Sequence Logos were generated to illustrate the consensus amino acid and nucleotide sequences of each MEME motif obtained using all BLV genotypes in the public databases (Fig. 1). The first six blocks identified by MEME analysis (referred to here as A–F) represent MEME motifs with E-values from 2.4e−1098 to 4.9e−1070. Blocks 16–20 (referred to here as G–K) showed MEME motifs with E-values from 4.4e−1020 to 4.6e−455. Blocks 7–15 were not further analyzed because they had intermediate characteristics. The amino acid conservation ranged from 98.8 to 99.8% in MEME motifs A to F. The remaining MEME motifs G to K had 89.6–95.2% conserved amino acid sequence.

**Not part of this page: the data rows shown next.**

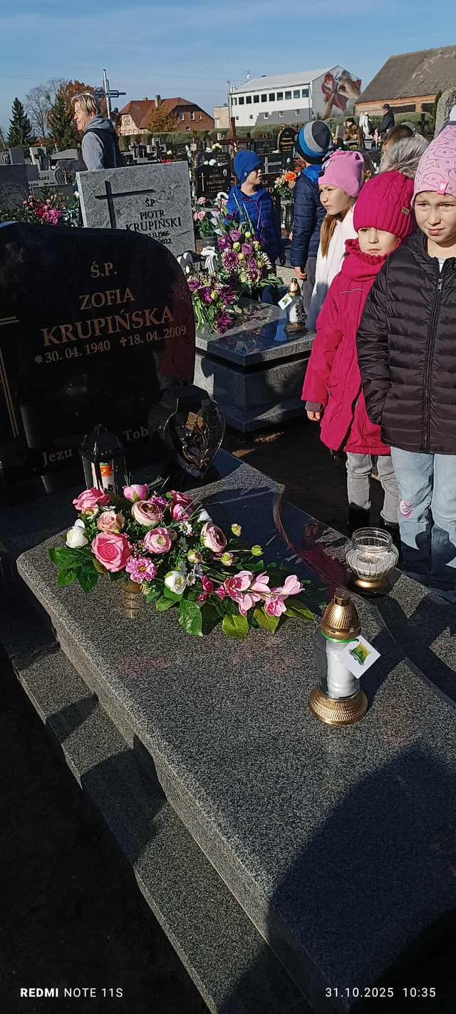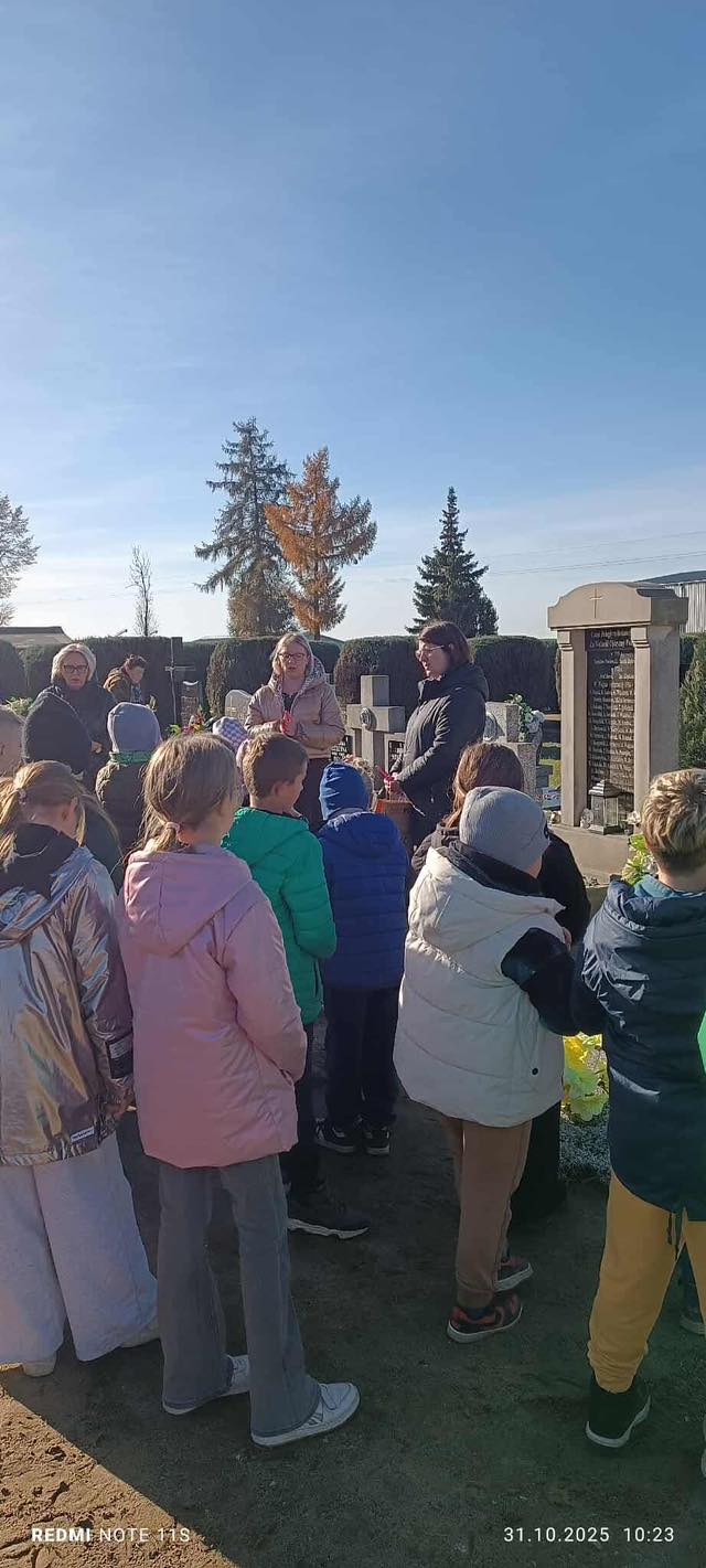 W przededniu 1 Listopada uczniowie wraz z opiekunami poszli na lokalny cmentarz zapalić znicze na grobach poległych bohaterów, zmarłych nauczycieli, pracowników szkoły oraz księży naszej parafii. Chwila refleksji i zadumy, którą spędziliśmy w modlitwie nad grobem Powstańców Wielkopolskich, pozostanie długo w naszej w pamięci.
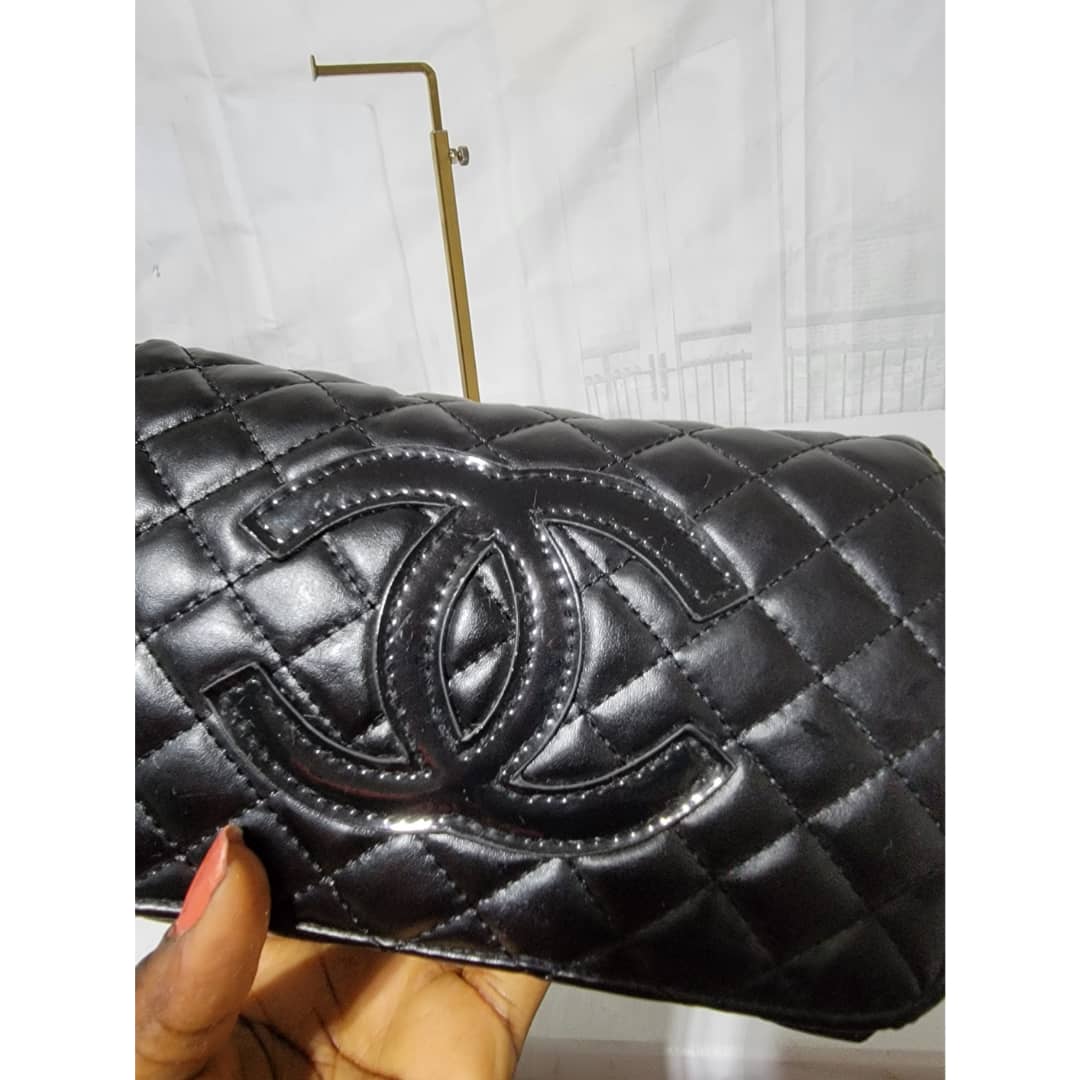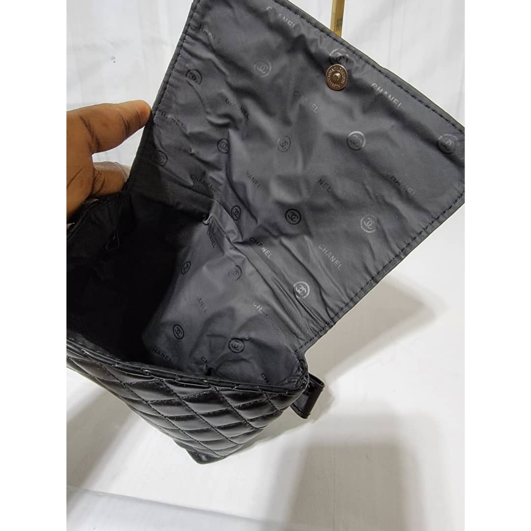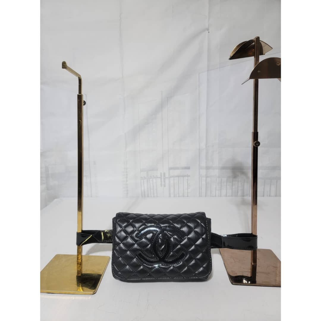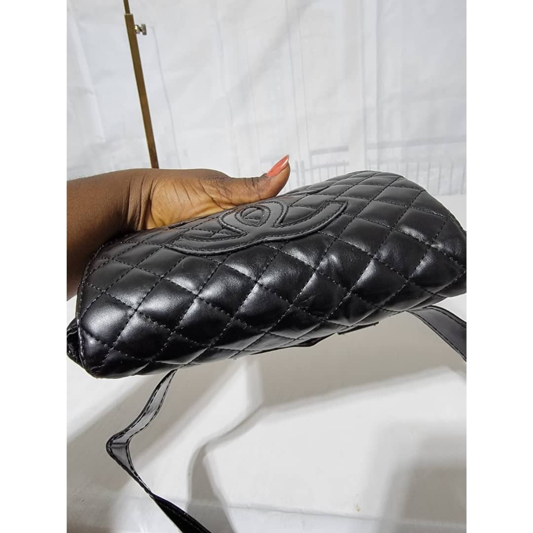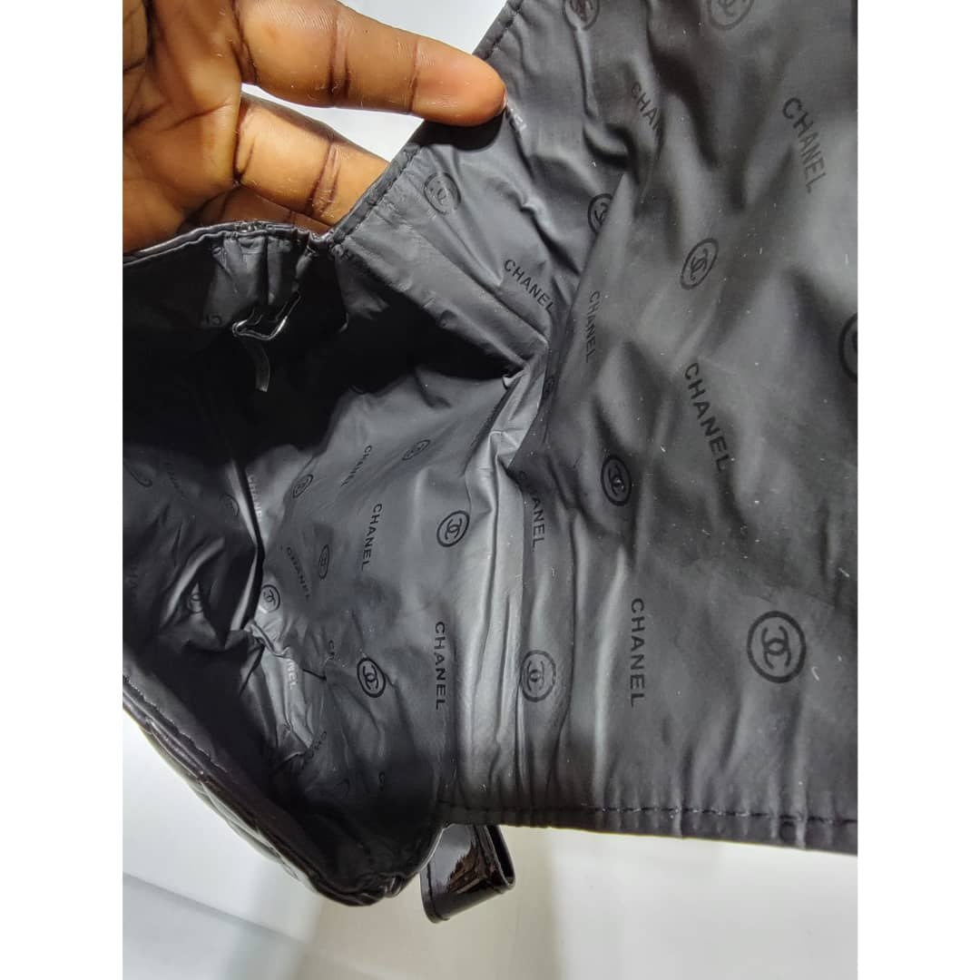 This authentic Chanel Lambskin and Patent Leather Strap Make-Up Accessory Belt Bag Black is in it’s good pre-owned condition. The exterior leather is clean and beautiful. Interior is clean.
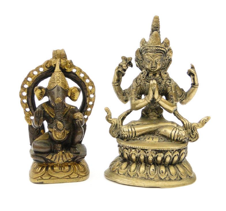 Far Eastern bronze study of a Ganesh and a similar figural deity, the larger 12cm high
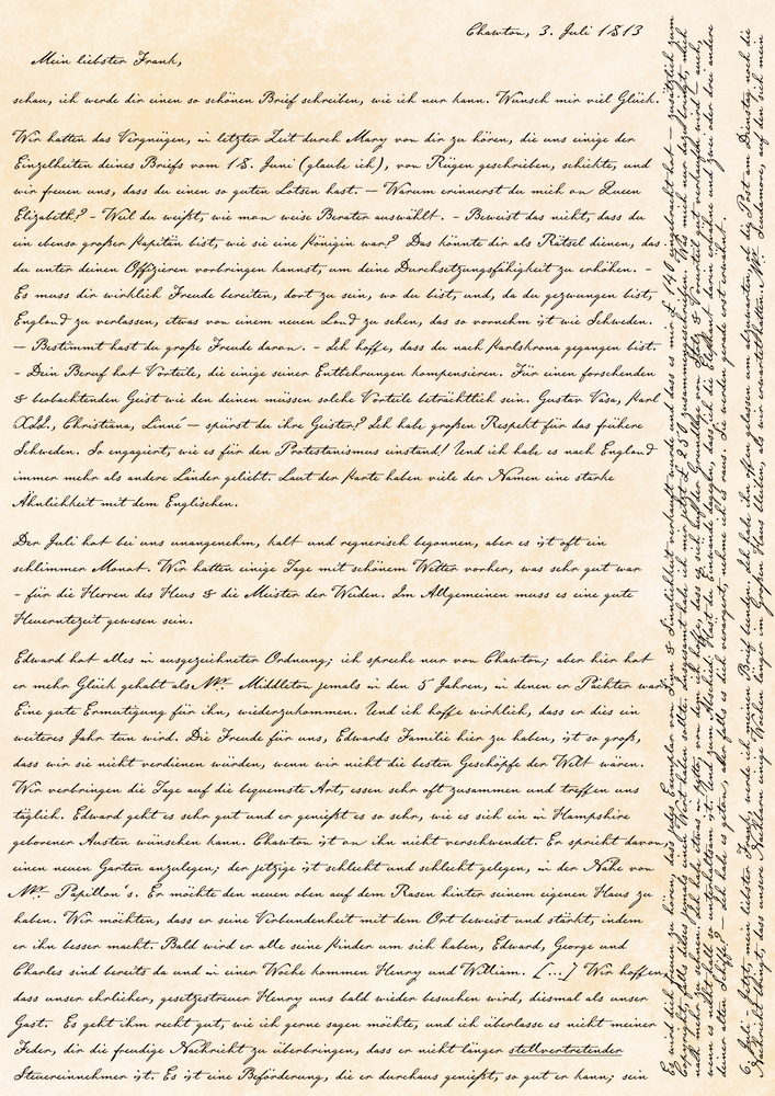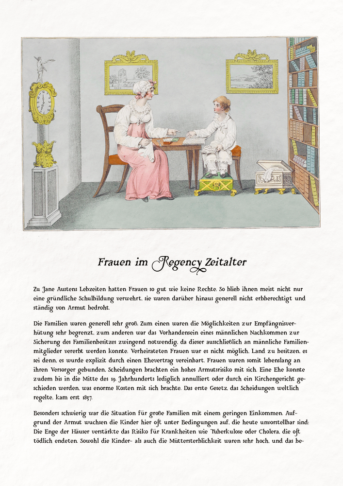 Jane Austen (*16. Dezember 1775 in Steventon, Hampshire; †18. Juli 1817 in Winchester) war eine englische Schriftstellerin, die für ihre scharfsinnigen Gesellschaftsromane bekannt ist. Sie wuchs in einer gebildeten Familie auf und begann früh mit dem Schreiben. Ihre bekanntesten Werke – Stolz und Vorurteil (1813), Emma (1815) und Sinn und Sinnlichkeit (1811) – zeichnen sich durch ihren feinen Humor, präzise Charakterdarstellungen und soziale Kritik aus. Trotz ihres literarischen Erfolgs veröffentlichte sie ihre Romane anonym. Austen starb im Alter von 41 Jahren vermutlich an Morbus Addison und hinterließ ein bedeutendes literarisches Erbe, das sie zu einer der bekanntesten Autorinnen der englischen Literatur machte.
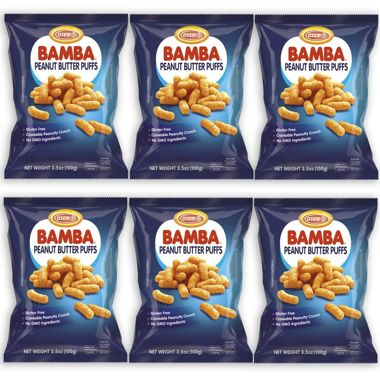 Enjoy the irresistible taste of Osem Bamba Peanut Snacks, a classic Israeli favorite made with 50% real peanuts for a rich, nutty flavor and a perfectly airy crunch. These all-natural peanut puffs are a good source of plant-based protein and healthy fats, making them a delicious and nutritious snack for the whole family. Packed with essential vitamins and minerals like vitamin E and B-complex, Bamba is not just tasty but also a smart snacking choice. Each family pack includes 16 individual 0.7oz bags, perfect for on-the-go munching, school lunches, or sharing at home. No artificial flavors, no preservatives—just pure peanut goodness in every bite!

The alignment was separately interrogated using the Conserved DNA Region module of DnaSP to identify segments of the nucleotide sequence conservation with the threshold for nucleotide conservation set at 80%. This analysis identified six statistically significant stable segments, with p value < 0.05 and nucleotide sequence conservation greater than or equal to 0.8 (80%). These segments were located exactly within the six blocks of segments A–F identified as nonrandom using MEME analysis. Segments G–J in MEME blocks 16–20 fell below the 80% nucleotide conservation threshold and their p values were not calculated (Fig. 1).
To estimate genetic distances for each of these MEME blocks p distance nucleotide substitution model in the Molecular Evolutionary Genetics Analysis software (MEGA) version 5.2.2. was used. The genetic distance relates to divergence between any two strands of aligned DNA sequences, and it is expressed as the number of nucleotide differences per site. In this study we calculated the overall mean, which is the arithmetic mean of all individual pairwise distances between the sequences under study. The six conserved segments had genetic distances from 0.6 to 1.7%, while distance values from 5.8 to 7.8% characterized segments G–K (Fig. 1). Based on these findings taken together, we grouped segments A–F together as conserved in amino acid and nucleotide sequence and segments G–K as semi-conserved in amino acid sequence.
Evidence of purifying selection in segments A–F and positive selection in segments G–J
Genetic diversity within a coding sequence from a population of related sequences can be assessed by comparing the rates of synonymous and non-synonymous substitutions per site. An excess of non-synonymous mutations suggests selection for change, or positive selection, which is often the result of an antagonistic interaction between a virus and its host. This high genetic variation confers a fitness advantage to the pathogen in its attempt to evade host defenses. In contrast, an excess of synonymous mutations suggests that there is selection against change, or purifying selection, meaning the sequence is likely to be beneficial to the host. The negatively selected sites point to functional constraint, and could be used in vaccine design. The high degree of amino acid and nucleotide sequence conservation of segments A–F among the 256 BLV sequences suggested that these portions of the env gene are very stable during replication and might be undergoing negative or purifying selection associated with predominantly synonymous substitutions. Whereas, the nucleotide variation of segments G–J suggested the possibility that they contained sequences that are less stable and under positive selection. To examine this possibility, the frequency of non-synonymous (dN) and synonymous (dS) nucleotide substitutions per site within each segment was calculated and the ratio dN/dS was estimated.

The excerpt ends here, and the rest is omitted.